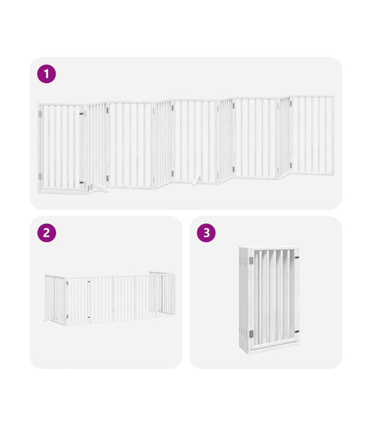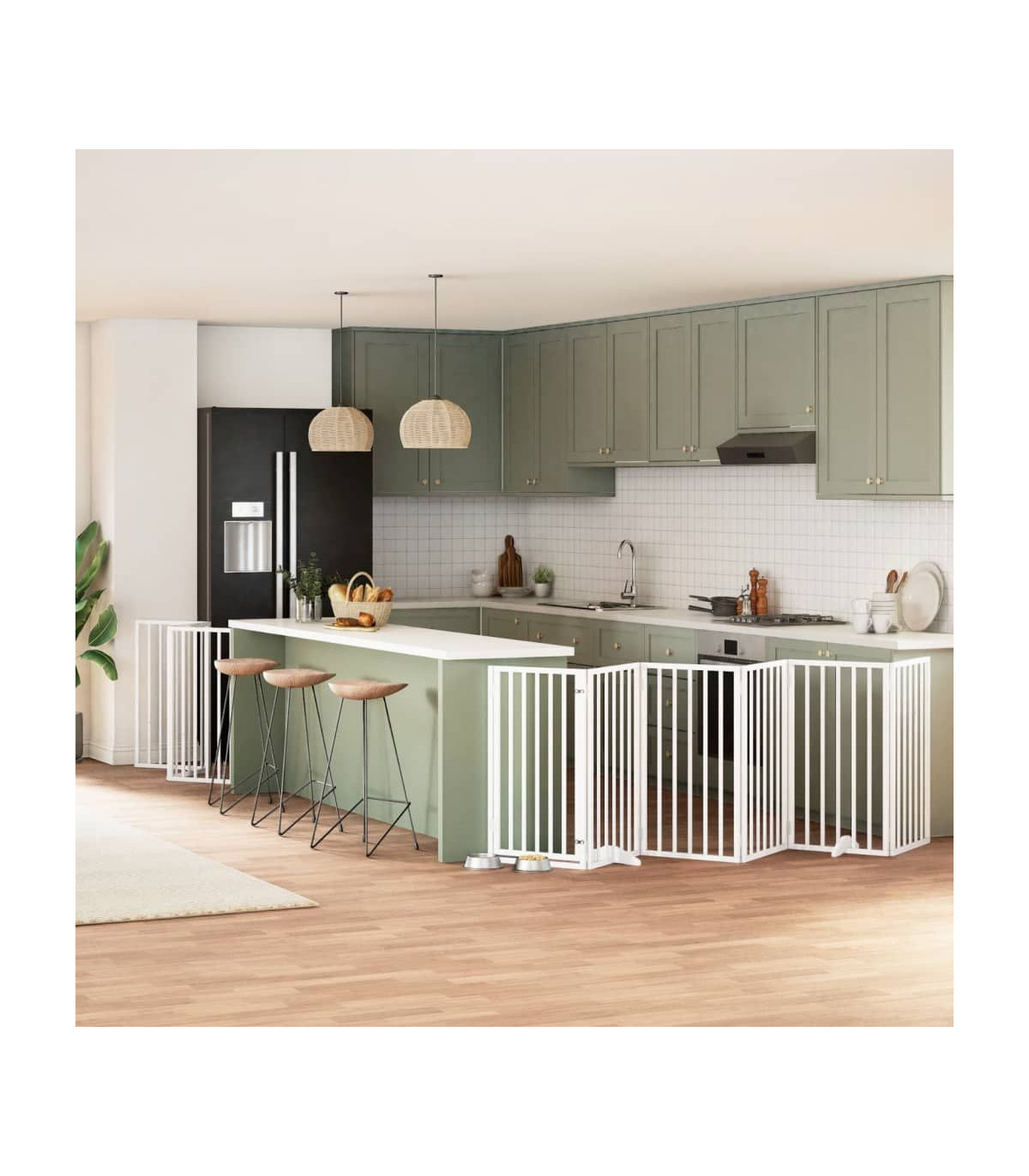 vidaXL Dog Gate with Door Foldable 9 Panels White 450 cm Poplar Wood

◆ ◆ ◆

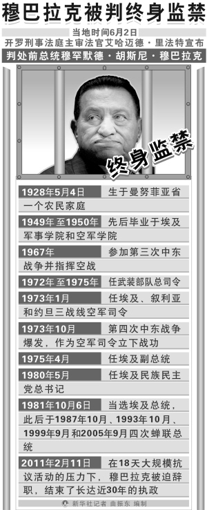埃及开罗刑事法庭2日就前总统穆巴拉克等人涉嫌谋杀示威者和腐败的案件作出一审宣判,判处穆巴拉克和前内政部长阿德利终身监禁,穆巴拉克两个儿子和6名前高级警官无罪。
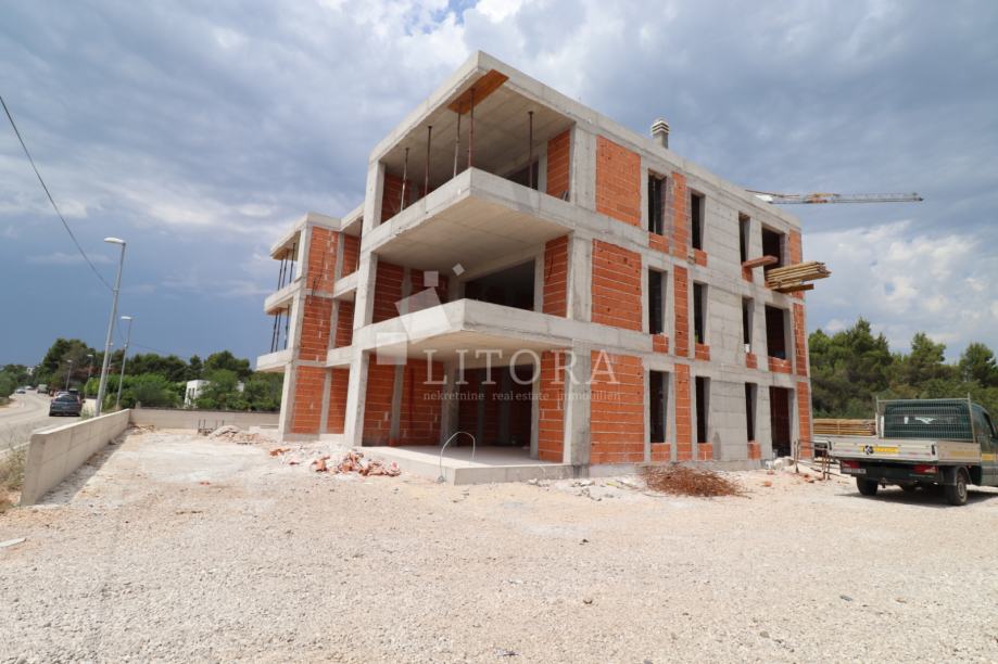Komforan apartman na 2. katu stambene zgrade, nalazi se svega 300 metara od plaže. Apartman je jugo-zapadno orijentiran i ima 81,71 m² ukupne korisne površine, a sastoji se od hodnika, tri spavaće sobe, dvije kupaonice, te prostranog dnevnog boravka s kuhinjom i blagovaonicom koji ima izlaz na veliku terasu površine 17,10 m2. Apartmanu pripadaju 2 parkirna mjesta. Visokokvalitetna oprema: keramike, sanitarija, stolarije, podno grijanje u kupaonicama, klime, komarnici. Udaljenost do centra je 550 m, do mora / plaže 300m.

◆ ◆ ◆

**What the task requires:** Up in the listing, locate the line with "埃及开罗刑事法庭2日就前总统"; print it and every line after it down to the line with "Komforan apartman na", which is included too. Skip the pictures.

**Answer to the exercise:**
埃及开罗刑事法庭2日就前总统穆巴拉克等人涉嫌谋杀示威者和腐败的案件作出一审宣判,判处穆巴拉克和前内政部长阿德利终身监禁,穆巴拉克两个儿子和6名前高级警官无罪。
Komforan apartman na 2. katu stambene zgrade, nalazi se svega 300 metara od plaže. Apartman je jugo-zapadno orijentiran i ima 81,71 m² ukupne korisne površine, a sastoji se od hodnika, tri spavaće sobe, dvije kupaonice, te prostranog dnevnog boravka s kuhinjom i blagovaonicom koji ima izlaz na veliku terasu površine 17,10 m2. Apartmanu pripadaju 2 parkirna mjesta. Visokokvalitetna oprema: keramike, sanitarija, stolarije, podno grijanje u kupaonicama, klime, komarnici. Udaljenost do centra je 550 m, do mora / plaže 300m.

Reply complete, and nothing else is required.